[The task]:
In the entries below, find the line with "The terrorist organization" and the line with "法國總統馬克宏將國旗上原先較"; copy them and every line between them exactly, but not the pictures.

[Information provided]:
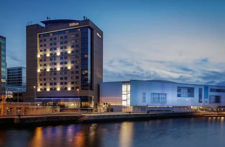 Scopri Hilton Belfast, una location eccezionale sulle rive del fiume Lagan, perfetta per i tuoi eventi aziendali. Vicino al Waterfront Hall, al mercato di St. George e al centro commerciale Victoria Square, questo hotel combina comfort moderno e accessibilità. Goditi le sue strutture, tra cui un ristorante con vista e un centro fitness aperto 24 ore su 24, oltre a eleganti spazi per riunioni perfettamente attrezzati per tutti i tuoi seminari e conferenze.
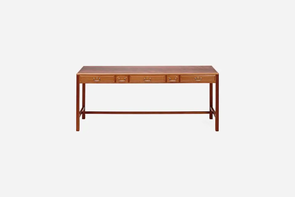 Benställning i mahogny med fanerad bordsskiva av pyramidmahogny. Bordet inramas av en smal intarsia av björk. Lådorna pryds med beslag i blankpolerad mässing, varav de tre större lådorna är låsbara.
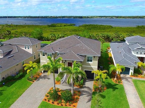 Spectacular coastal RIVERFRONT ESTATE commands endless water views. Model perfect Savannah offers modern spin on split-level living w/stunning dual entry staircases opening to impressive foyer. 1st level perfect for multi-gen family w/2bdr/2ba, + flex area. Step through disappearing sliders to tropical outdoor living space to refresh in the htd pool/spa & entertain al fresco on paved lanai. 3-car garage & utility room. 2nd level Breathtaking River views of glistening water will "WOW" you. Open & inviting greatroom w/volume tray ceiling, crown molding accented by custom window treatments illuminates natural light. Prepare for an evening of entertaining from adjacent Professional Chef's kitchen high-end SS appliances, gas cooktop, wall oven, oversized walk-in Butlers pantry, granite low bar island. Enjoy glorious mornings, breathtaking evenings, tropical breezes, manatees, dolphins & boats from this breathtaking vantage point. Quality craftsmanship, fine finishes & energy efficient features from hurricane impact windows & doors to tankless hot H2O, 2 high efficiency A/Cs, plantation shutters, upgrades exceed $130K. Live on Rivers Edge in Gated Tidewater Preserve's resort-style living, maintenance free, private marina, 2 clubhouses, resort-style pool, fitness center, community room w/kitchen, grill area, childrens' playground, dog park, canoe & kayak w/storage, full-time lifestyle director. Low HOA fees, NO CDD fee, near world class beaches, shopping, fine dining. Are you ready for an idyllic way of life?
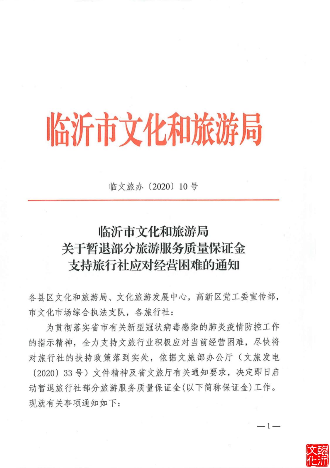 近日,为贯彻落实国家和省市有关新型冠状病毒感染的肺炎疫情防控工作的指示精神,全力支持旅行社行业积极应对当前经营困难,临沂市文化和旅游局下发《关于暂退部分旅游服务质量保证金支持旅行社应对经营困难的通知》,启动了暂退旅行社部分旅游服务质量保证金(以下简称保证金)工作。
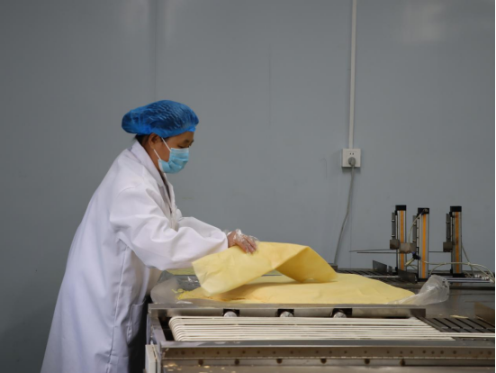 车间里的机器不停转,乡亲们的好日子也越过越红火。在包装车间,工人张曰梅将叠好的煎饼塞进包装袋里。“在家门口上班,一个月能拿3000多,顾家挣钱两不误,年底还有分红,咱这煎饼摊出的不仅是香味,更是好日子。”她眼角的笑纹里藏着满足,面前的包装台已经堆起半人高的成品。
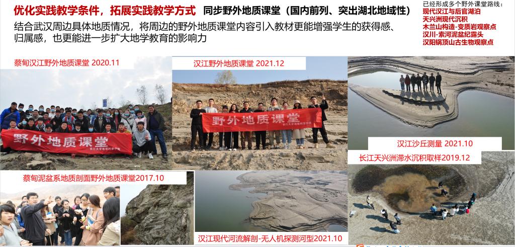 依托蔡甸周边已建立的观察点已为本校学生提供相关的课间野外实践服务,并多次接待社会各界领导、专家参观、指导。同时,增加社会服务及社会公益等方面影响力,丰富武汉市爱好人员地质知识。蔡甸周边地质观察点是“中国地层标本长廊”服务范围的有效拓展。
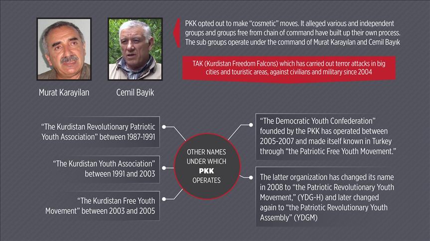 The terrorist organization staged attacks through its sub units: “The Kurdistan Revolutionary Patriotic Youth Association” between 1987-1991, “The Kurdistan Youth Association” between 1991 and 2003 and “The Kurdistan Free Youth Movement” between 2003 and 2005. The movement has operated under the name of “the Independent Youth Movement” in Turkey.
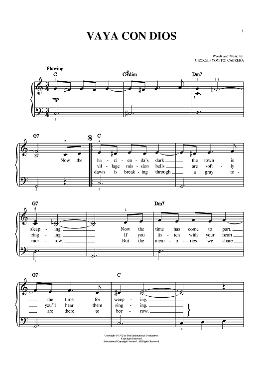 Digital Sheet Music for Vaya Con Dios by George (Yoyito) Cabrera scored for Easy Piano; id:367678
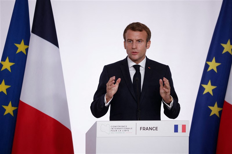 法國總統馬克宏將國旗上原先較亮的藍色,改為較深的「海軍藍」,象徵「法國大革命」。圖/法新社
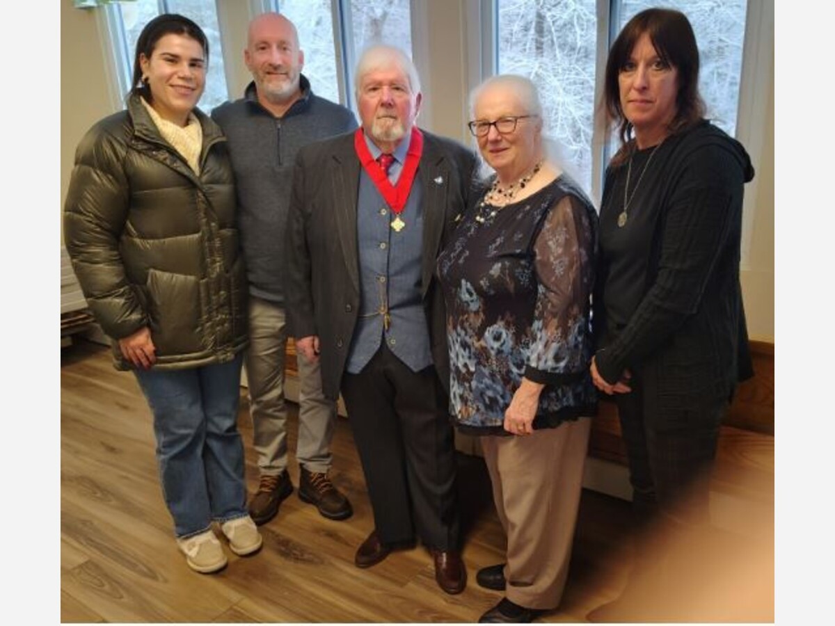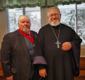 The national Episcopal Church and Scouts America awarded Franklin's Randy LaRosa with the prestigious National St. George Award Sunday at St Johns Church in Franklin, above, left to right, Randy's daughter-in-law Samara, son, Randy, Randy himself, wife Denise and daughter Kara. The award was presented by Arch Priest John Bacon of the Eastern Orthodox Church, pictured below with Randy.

[Solution for this exercise]:
 The terrorist organization staged attacks through its sub units: “The Kurdistan Revolutionary Patriotic Youth Association” between 1987-1991, “The Kurdistan Youth Association” between 1991 and 2003 and “The Kurdistan Free Youth Movement” between 2003 and 2005. The movement has operated under the name of “the Independent Youth Movement” in Turkey.
 Digital Sheet Music for Vaya Con Dios by George (Yoyito) Cabrera scored for Easy Piano; id:367678
 法國總統馬克宏將國旗上原先較亮的藍色,改為較深的「海軍藍」,象徵「法國大革命」。圖/法新社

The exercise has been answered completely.